**TASK INPUT**

* * * * * * * * *

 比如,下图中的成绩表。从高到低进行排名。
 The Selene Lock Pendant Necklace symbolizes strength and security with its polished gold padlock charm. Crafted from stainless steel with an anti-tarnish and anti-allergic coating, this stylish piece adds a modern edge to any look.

* * * * * * * * *

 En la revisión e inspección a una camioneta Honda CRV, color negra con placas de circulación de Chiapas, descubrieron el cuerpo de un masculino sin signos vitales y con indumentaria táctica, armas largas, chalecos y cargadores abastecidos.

* * * * * * * * *

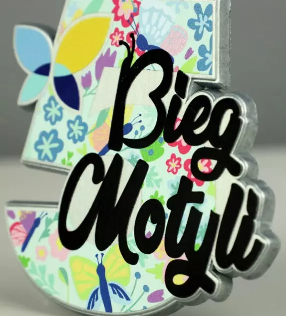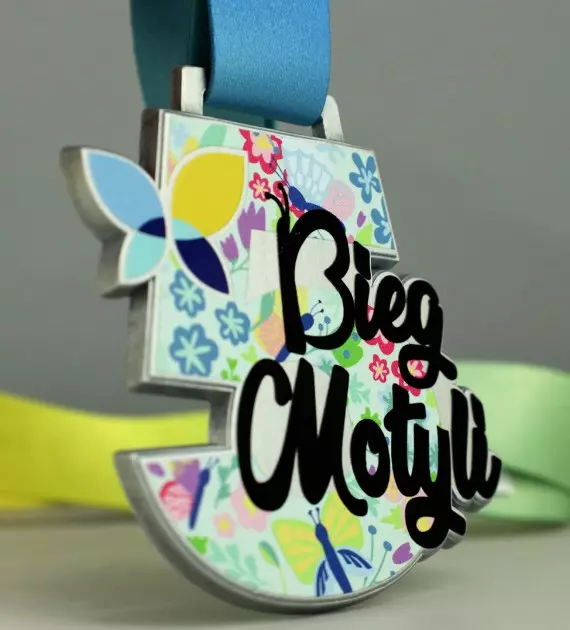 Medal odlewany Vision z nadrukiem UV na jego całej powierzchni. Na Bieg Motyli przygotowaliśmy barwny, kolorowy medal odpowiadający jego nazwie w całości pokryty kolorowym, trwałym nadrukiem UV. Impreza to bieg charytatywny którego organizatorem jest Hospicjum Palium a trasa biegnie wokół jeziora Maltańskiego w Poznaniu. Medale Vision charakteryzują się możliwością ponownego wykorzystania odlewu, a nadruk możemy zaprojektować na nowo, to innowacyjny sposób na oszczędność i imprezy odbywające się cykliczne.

* * * * * * * * *

**INSTRUCTIONS FOR THE TASK**
For this exercise, output exactly the lines above from the line with "比如,下图中的成绩表。从高到低进行排名。" to the line with "The Selene Lock", counting both, and leave out the rest.

**RESULT OF THE TASK**
 比如,下图中的成绩表。从高到低进行排名。
 The Selene Lock Pendant Necklace symbolizes strength and security with its polished gold padlock charm. Crafted from stainless steel with an anti-tarnish and anti-allergic coating, this stylish piece adds a modern edge to any look.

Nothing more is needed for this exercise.